**WHAT YOU SHOULD DO**
Every entry below should be reproduced exactly, with all pictures left out.

Items from a data source:

>>

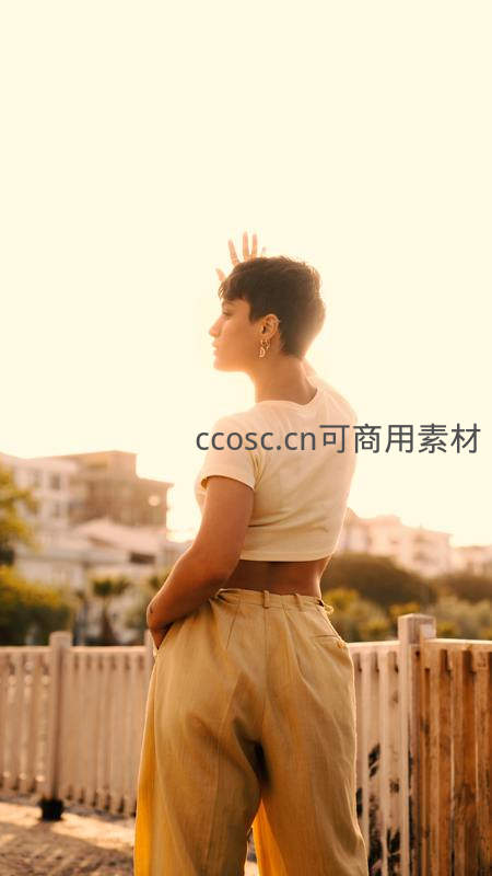 一位留着利落短发的女子侧身站立,阳光从背后洒下,勾勒出她优雅的轮廓,背景是朦胧的城市建筑,充满温暖与惬意感。
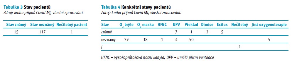 V tab. 3 a 4 jsou znázorněny následné stavy všech pacientů, kteří nezemřeli na HFNC či UPV terapii na Covid MJ JIP. Celkově bylo přeloženo 120 pacientů na různých podporách oxygenoterapie. Pacienty jsme rozdělili do dvou skupin, na skupinu známou a neznámou. Ve známé skupině byli ti pacienti, kteří byli stále monitorováni v klinickém informačním systému Metavision, a bylo tak možné zjistit jejich konečný stav. Ve skupině neznámé byli ti pacienti, kteří byli přeloženi na standardní oddělení nebo jiná covidová pracoviště, kde monitorování v systému Metavision dále neprobíhalo.
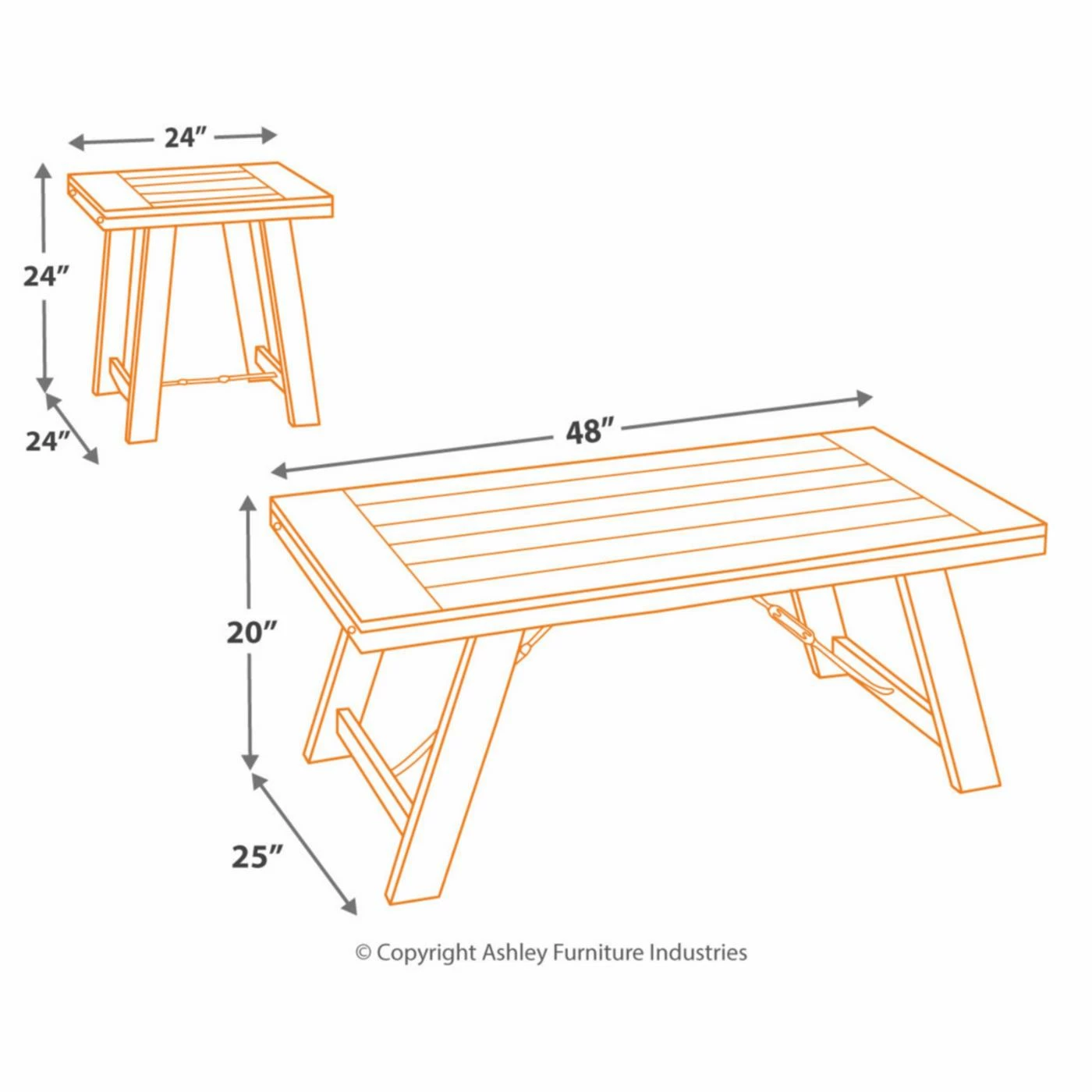 Enjoy the rustic details of the Signature Design by Ashley Noorbrook 3 Piece Coffee Table Set in your coastal, country, or even modern home. This versatile set includes two square end tables and a rectangular coffee table constructed of acacia veneers, wood, and engineered wood. A black wash finish highlights the planked effect of the breadboard layup tabletops. Metal stretchers and canted legs complete the look and add visual texture.
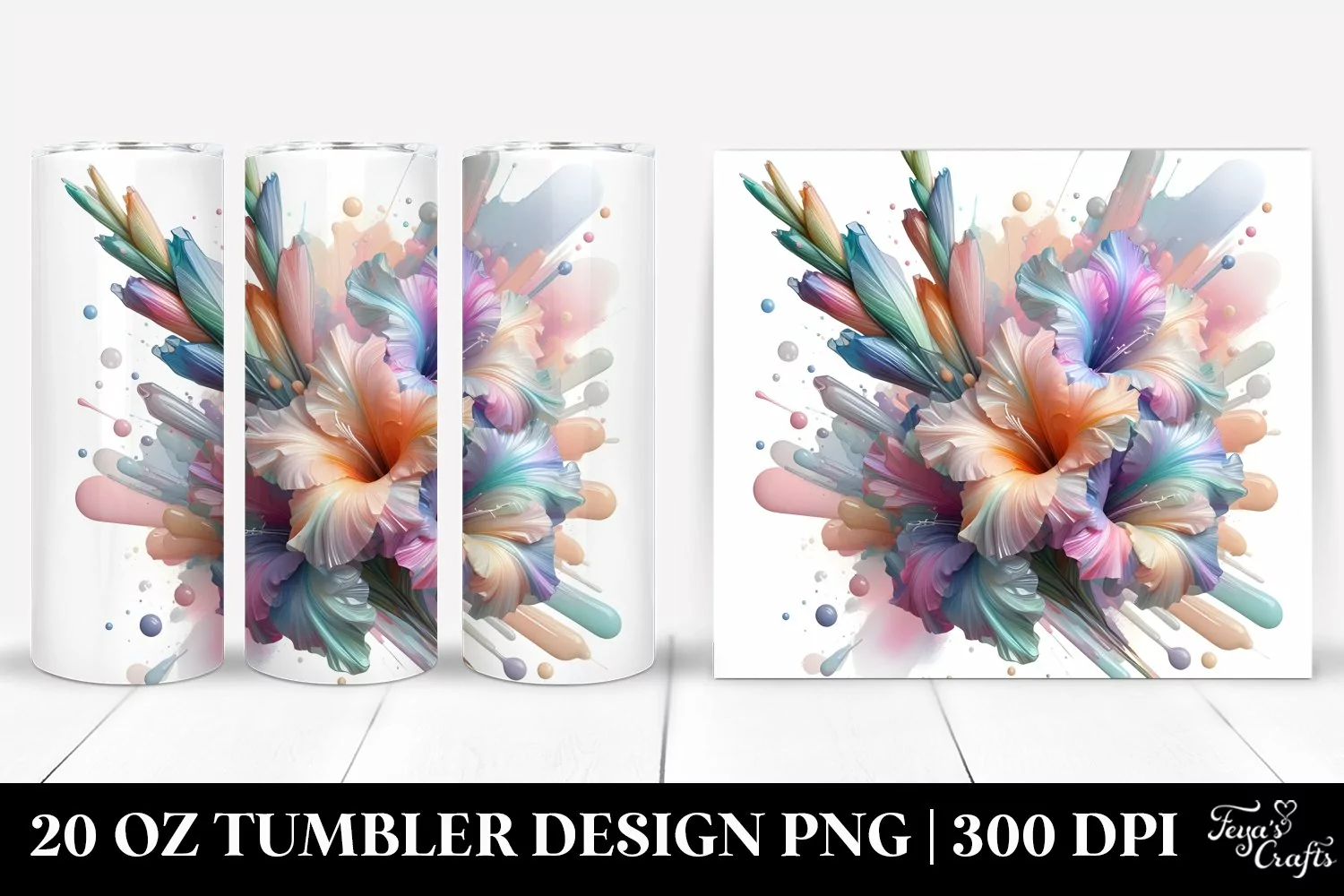 Watercolor Sticker Summer Flower Glossy Abstract Png Glass Sublimation Gladiolus
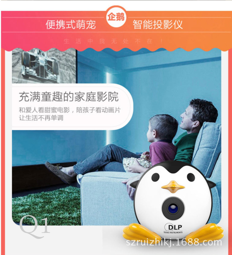 新款Q1萌宠时尚家用微型投影仪便携迷你投影机DLP高清厂家直销
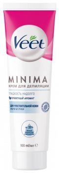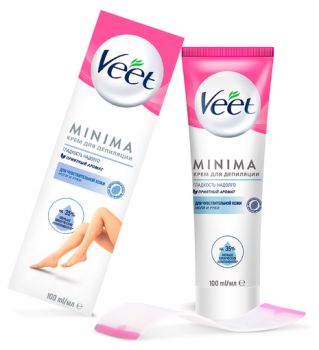 Обеспечить гладкость для кожи надолго обещает крем с алоэ вера Veet Minima. Средство содержит на 30% меньше химических составляющих, а потому для чувствительной и нежной кожи крем не представляет опасности. Крем рекомендуется использовать для удаления волос на ногах и руках, применять его для зоны бикини не рекомендуется, поскольку он может вызвать раздражение и ощущение небольшого жжения.
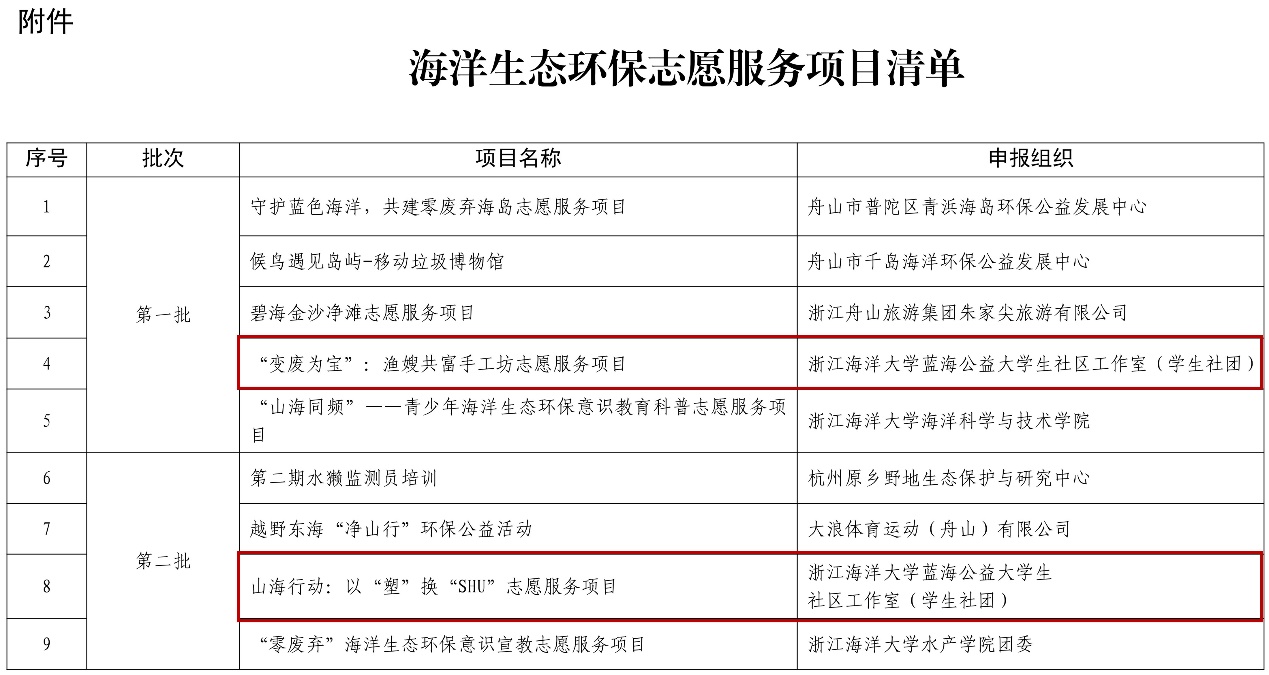 2024年3月,社团申报的《“变废为宝”:渔嫂共富手工坊》志愿服务项目获评2024年第一批舟山市海洋生态环保志愿服务公益创投项目;2024年9月,社团申报的《山海行动:以“塑”换“SHU”》志愿服务项目参加舟山市第二批海洋生态环保志愿服务项目评审。
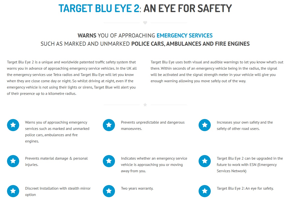 Like all Blu Eye systems, the LCD version continuously detects radio activity on the Airwave (TETRA) network. This allows it to alert you to the presence of nearby emergency services including police, ambulance, fire engines, and unmarked police cars, even when they are driving at high speed without lights or sirens.

<<

**TASK ANSWER**
 一位留着利落短发的女子侧身站立,阳光从背后洒下,勾勒出她优雅的轮廓,背景是朦胧的城市建筑,充满温暖与惬意感。
 V tab. 3 a 4 jsou znázorněny následné stavy všech pacientů, kteří nezemřeli na HFNC či UPV terapii na Covid MJ JIP. Celkově bylo přeloženo 120 pacientů na různých podporách oxygenoterapie. Pacienty jsme rozdělili do dvou skupin, na skupinu známou a neznámou. Ve známé skupině byli ti pacienti, kteří byli stále monitorováni v klinickém informačním systému Metavision, a bylo tak možné zjistit jejich konečný stav. Ve skupině neznámé byli ti pacienti, kteří byli přeloženi na standardní oddělení nebo jiná covidová pracoviště, kde monitorování v systému Metavision dále neprobíhalo.
 Enjoy the rustic details of the Signature Design by Ashley Noorbrook 3 Piece Coffee Table Set in your coastal, country, or even modern home. This versatile set includes two square end tables and a rectangular coffee table constructed of acacia veneers, wood, and engineered wood. A black wash finish highlights the planked effect of the breadboard layup tabletops. Metal stretchers and canted legs complete the look and add visual texture.
 Watercolor Sticker Summer Flower Glossy Abstract Png Glass Sublimation Gladiolus
 新款Q1萌宠时尚家用微型投影仪便携迷你投影机DLP高清厂家直销
 Обеспечить гладкость для кожи надолго обещает крем с алоэ вера Veet Minima. Средство содержит на 30% меньше химических составляющих, а потому для чувствительной и нежной кожи крем не представляет опасности. Крем рекомендуется использовать для удаления волос на ногах и руках, применять его для зоны бикини не рекомендуется, поскольку он может вызвать раздражение и ощущение небольшого жжения.
 2024年3月,社团申报的《“变废为宝”:渔嫂共富手工坊》志愿服务项目获评2024年第一批舟山市海洋生态环保志愿服务公益创投项目;2024年9月,社团申报的《山海行动:以“塑”换“SHU”》志愿服务项目参加舟山市第二批海洋生态环保志愿服务项目评审。
 Like all Blu Eye systems, the LCD version continuously detects radio activity on the Airwave (TETRA) network. This allows it to alert you to the presence of nearby emergency services including police, ambulance, fire engines, and unmarked police cars, even when they are driving at high speed without lights or sirens.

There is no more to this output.